ASSIGNED TASK:
Any pictures in the records below must be left out when you repeat the lines from the line containing "Hürriyet isimli kolye." through the line containing "通过联合开发及采购,大众汽车品牌与小鹏汽车将实现显著的协同潜力及成本优势。" exactly.

EXCERPTED RECORDS:

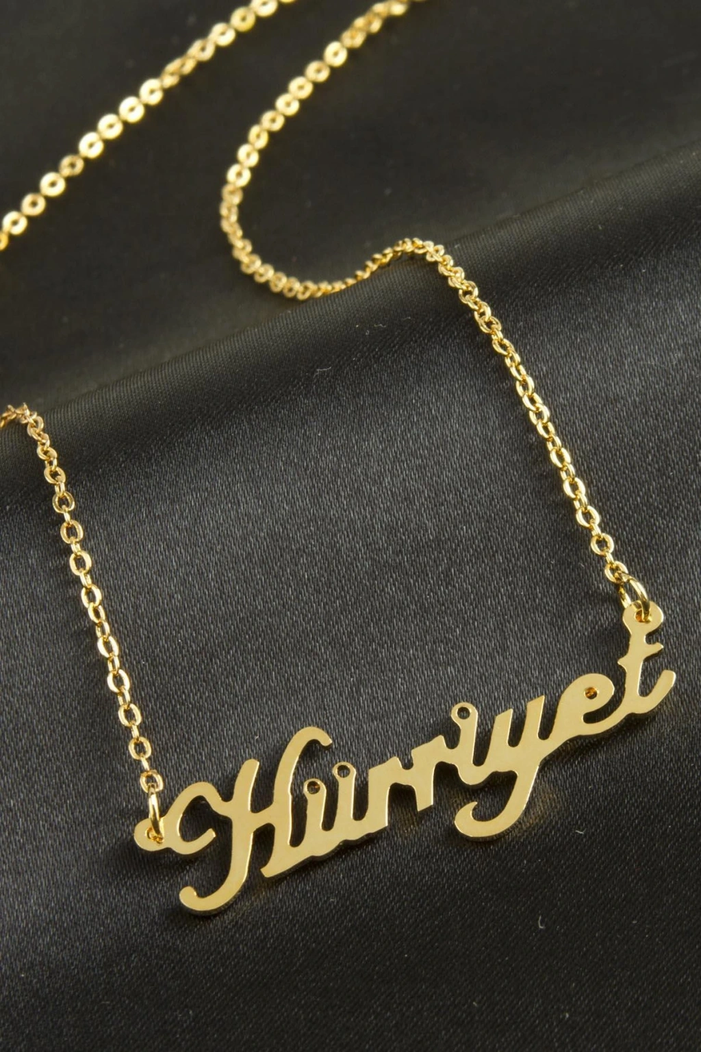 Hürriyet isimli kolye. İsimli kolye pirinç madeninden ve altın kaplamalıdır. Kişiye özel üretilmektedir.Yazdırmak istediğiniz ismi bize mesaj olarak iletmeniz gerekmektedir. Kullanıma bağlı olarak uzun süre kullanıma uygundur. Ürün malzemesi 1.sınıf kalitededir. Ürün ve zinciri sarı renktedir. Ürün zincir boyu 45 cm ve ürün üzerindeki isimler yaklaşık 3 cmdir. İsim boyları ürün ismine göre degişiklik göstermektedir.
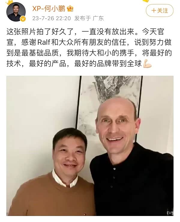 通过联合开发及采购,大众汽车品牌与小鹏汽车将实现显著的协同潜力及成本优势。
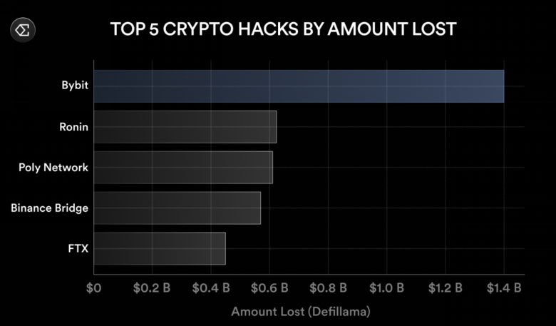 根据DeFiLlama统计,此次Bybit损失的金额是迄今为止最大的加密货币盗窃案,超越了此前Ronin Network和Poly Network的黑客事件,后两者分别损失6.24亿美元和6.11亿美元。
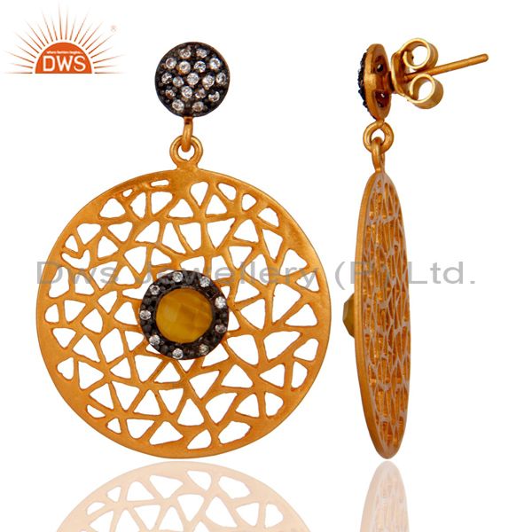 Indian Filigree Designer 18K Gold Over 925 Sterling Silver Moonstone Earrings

* * *

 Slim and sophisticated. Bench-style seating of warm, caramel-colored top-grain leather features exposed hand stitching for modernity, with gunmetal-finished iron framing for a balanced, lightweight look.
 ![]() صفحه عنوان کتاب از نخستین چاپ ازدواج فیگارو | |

* * *

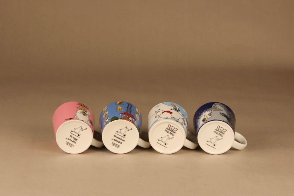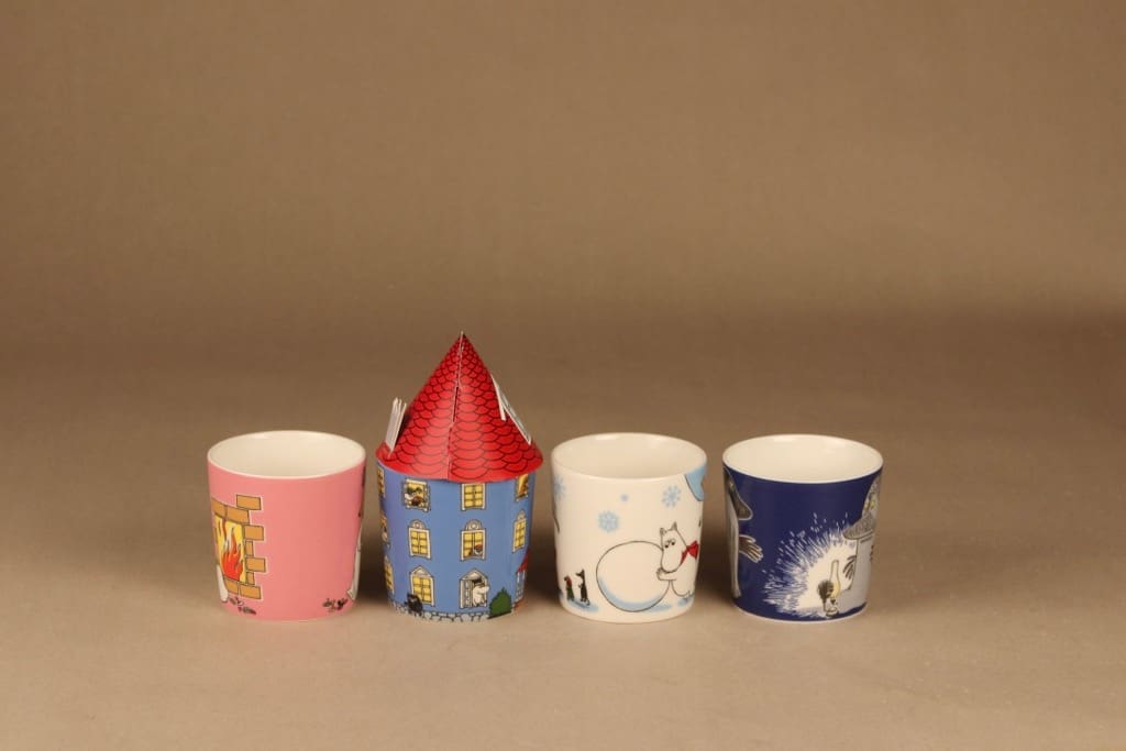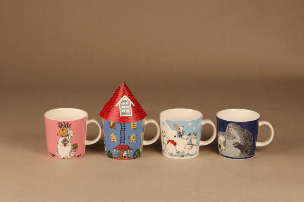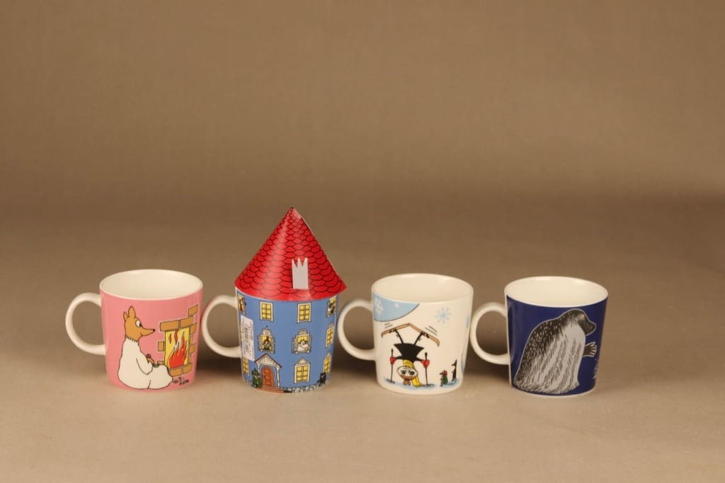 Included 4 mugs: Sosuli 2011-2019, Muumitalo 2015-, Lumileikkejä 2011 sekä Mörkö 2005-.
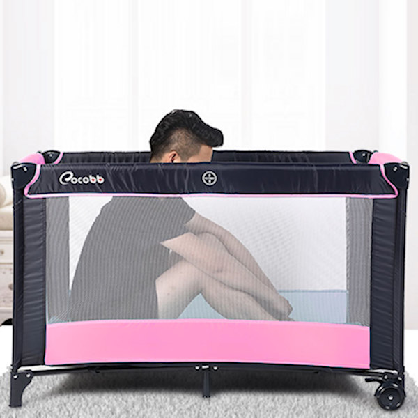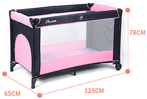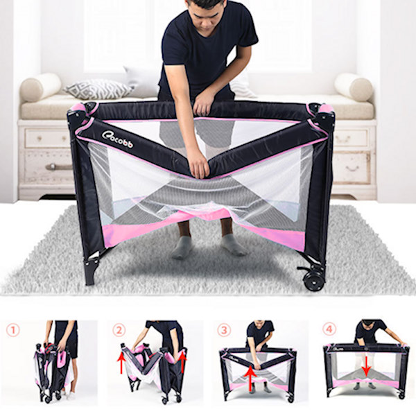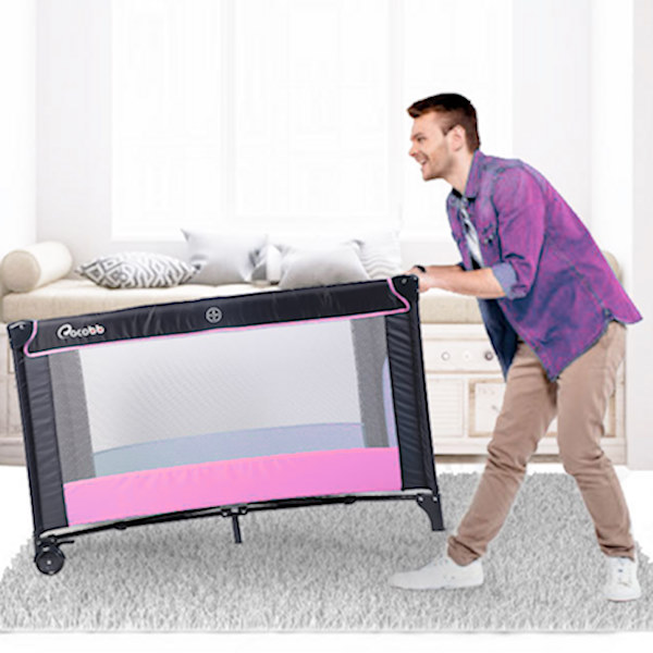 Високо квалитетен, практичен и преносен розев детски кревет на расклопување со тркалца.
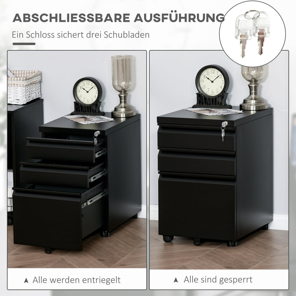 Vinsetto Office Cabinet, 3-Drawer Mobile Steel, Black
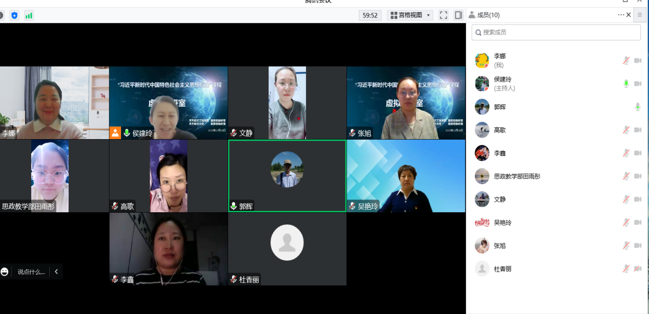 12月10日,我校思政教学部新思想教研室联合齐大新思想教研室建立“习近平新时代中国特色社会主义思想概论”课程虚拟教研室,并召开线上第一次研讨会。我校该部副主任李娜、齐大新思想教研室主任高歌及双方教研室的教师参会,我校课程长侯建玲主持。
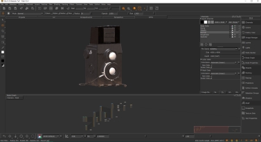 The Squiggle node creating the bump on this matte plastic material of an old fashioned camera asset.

FINISHED TASK:
 Hürriyet isimli kolye. İsimli kolye pirinç madeninden ve altın kaplamalıdır. Kişiye özel üretilmektedir.Yazdırmak istediğiniz ismi bize mesaj olarak iletmeniz gerekmektedir. Kullanıma bağlı olarak uzun süre kullanıma uygundur. Ürün malzemesi 1.sınıf kalitededir. Ürün ve zinciri sarı renktedir. Ürün zincir boyu 45 cm ve ürün üzerindeki isimler yaklaşık 3 cmdir. İsim boyları ürün ismine göre degişiklik göstermektedir.
 通过联合开发及采购,大众汽车品牌与小鹏汽车将实现显著的协同潜力及成本优势。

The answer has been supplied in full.